CHAPTER II.
What Dago said to the mirror-monkey on Tuesday.
Ring-tail, what do you think of Miss Patricia? I’m afraid of her. The night we came home she met us in the hall, looking so tall and severe in her black gown, with those prim little bunches of gray curls on each side of her face, that I went under a chair. Then I thought I must have misjudged her, for there were tears in her eyes when she kissed the children, and I heard her whisper as she turned away, “poor little motherless lambs!” Still I have seen so many people in the course of my travels that I rarely make a mistake in reading character. As soon as she caught sight of me I knew that my first thought had been right. Her thin Roman nose went up in the air, and her sharp eyes glared at me so savagely that I could think of nothing else but an old war eagle, with arrows in its talons. You may have seen them on silver dollars.
“Tom Tremont,” she exclaimed, “you don’t mean to say that you have brought home a monkey!” I wish you could have heard the disgust in her voice. “Of all the little pests in the world, they are certainly the worst!”
“Yes, Aunt Patricia,” he answered. “They’ve been a great pleasure to the boys.”
“They!” she gasped. “You don’t mean to say that there are two!” Then she saw Matches climbing up on Phil’s shoulder, and words failed her.
“Yes; their grandfather gave each of the boys one of his pets.
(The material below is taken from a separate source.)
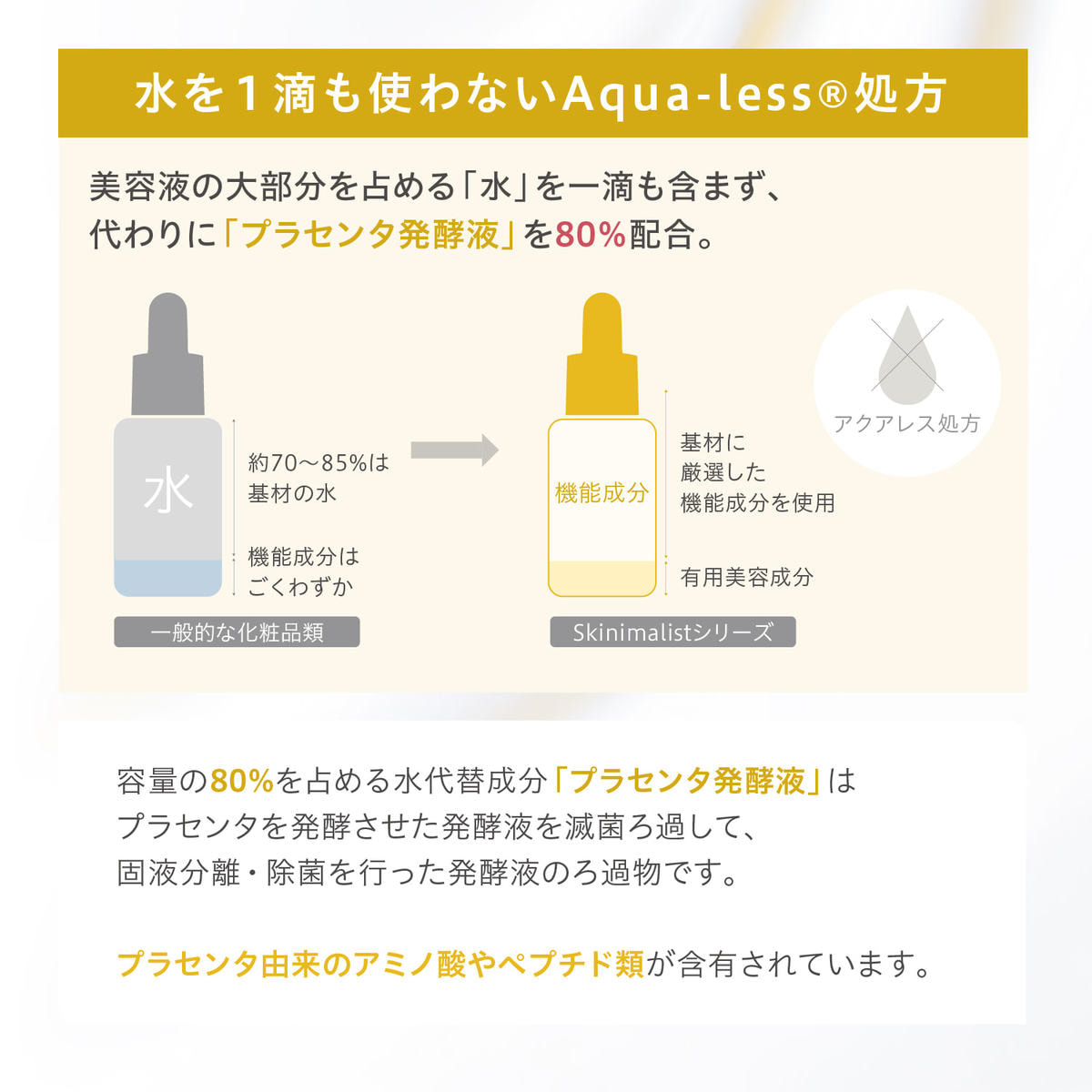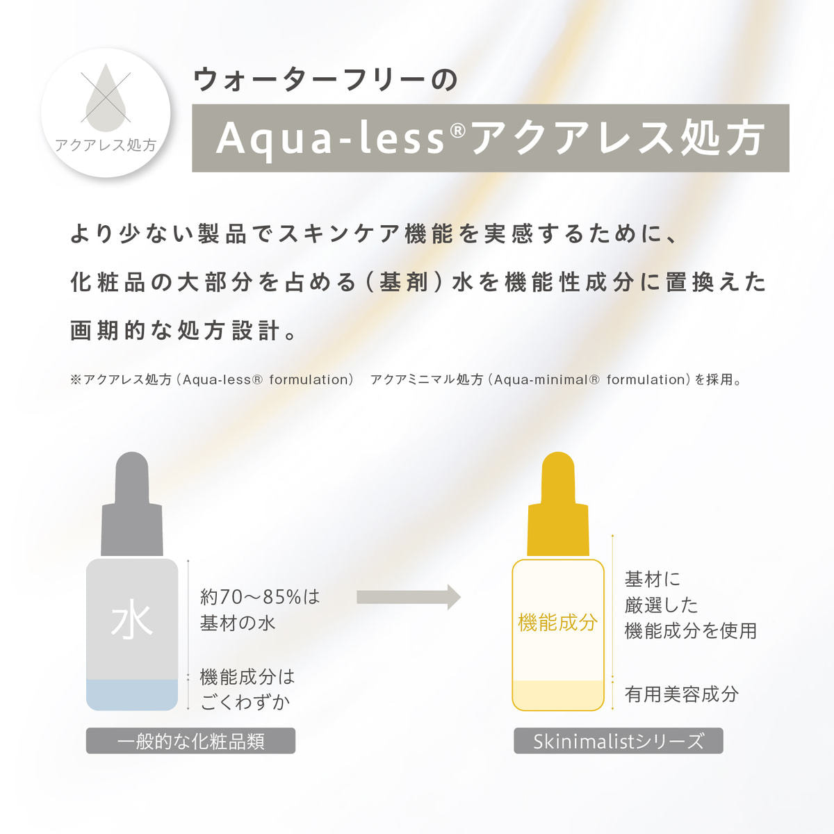 世界的に注目が集まるSkinimalism*( スキニマリズム)実現のために最新の美容成分を厳選し、新処方である“水を一滴も含まない”Aqua-less®(アクアレス)処方を採用。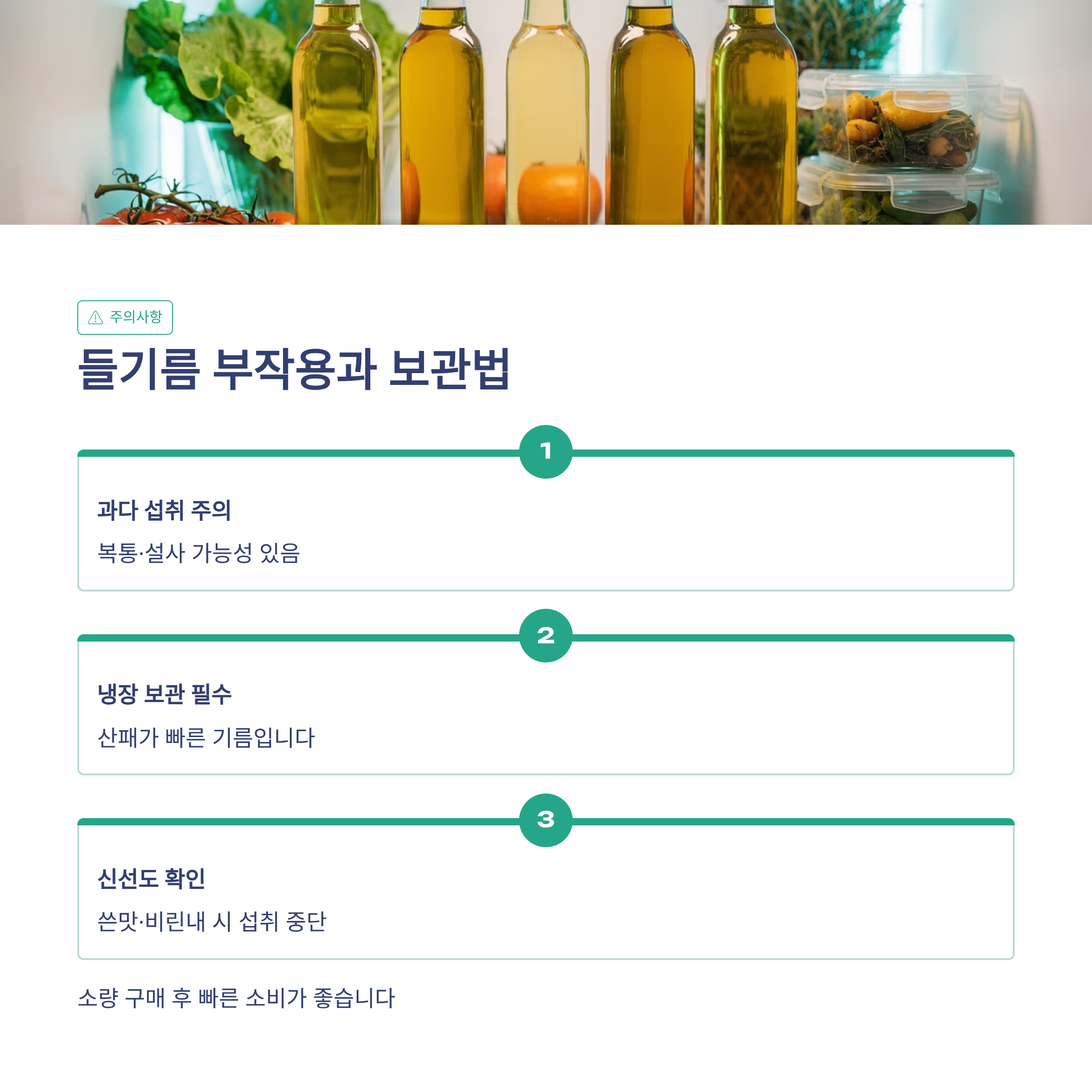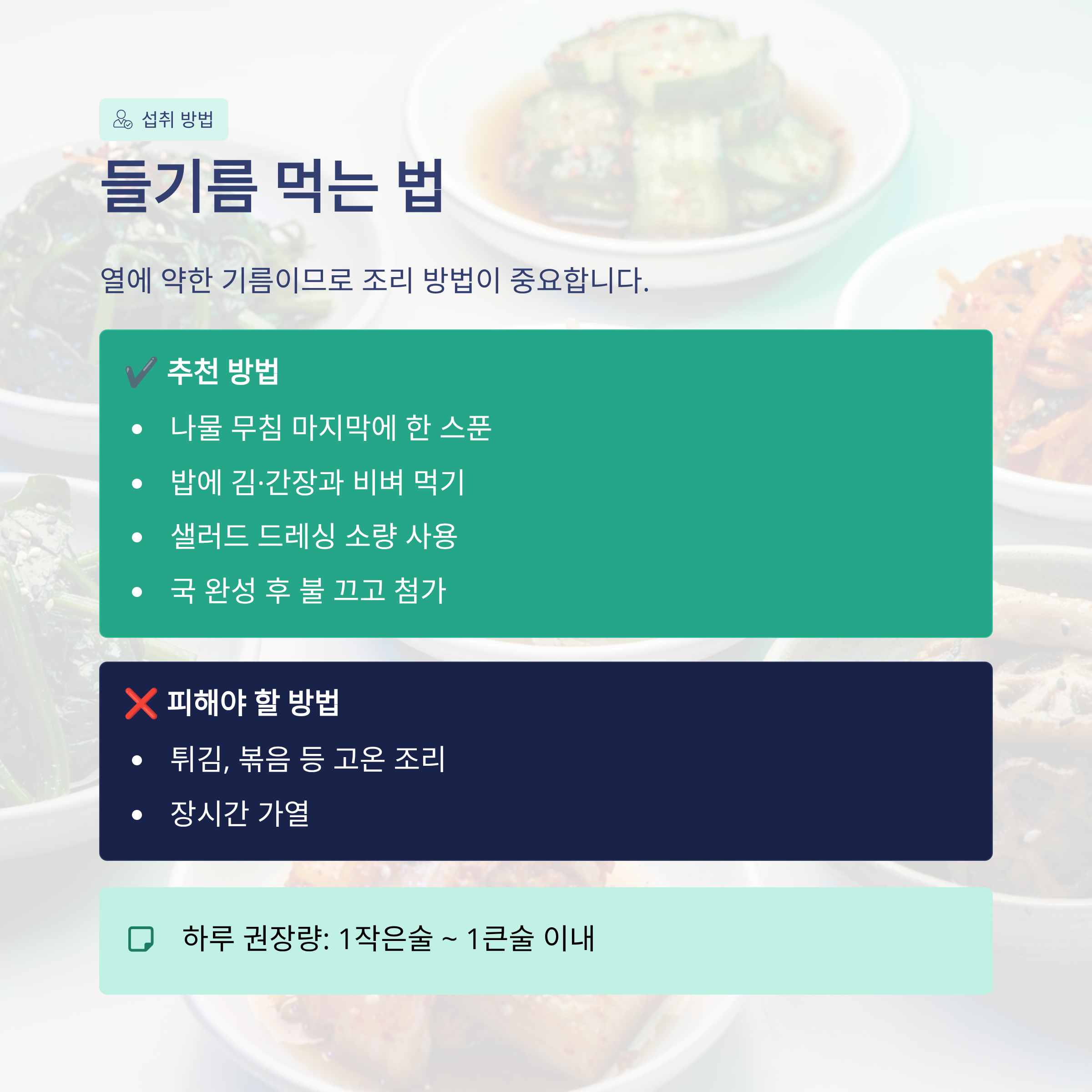 들기름 효능의 핵심은 ‘많이’가 아니라 ‘꾸준히, 올바르게’입니다.

He said that they would be company for them on the way home, and would help divert their thoughts from their great loss. They grieved so, poor little lads.”
That softened Miss Patricia again, and she said nothing more about our being pests. But when she passed me she drew her skirts aside as if she could not bear to so much as brush against me, and from that hour it has been war to the knife between us.
Matches and I were given a little room up in the attic under the eaves, but at first we were rarely there during the day. The boys took us with them wherever they went. We had been there some time before we were left alone long enough for me to do any exploring.
It was almost dark when that first chance came. I prowled around the attic awhile. Then I climbed out of the window and swung down by the vines that covered that side of the house, to the shutters of the room below. It happened to be Miss Patricia’s room. As I perched on the top of the shutters, leaning over and craning my neck, I could see Miss Patricia sitting there in the dusk beside her open window. Her hands were folded in her lap, and she was rocking gently back and forth in a high-backed rocking-chair, with her eyes closed.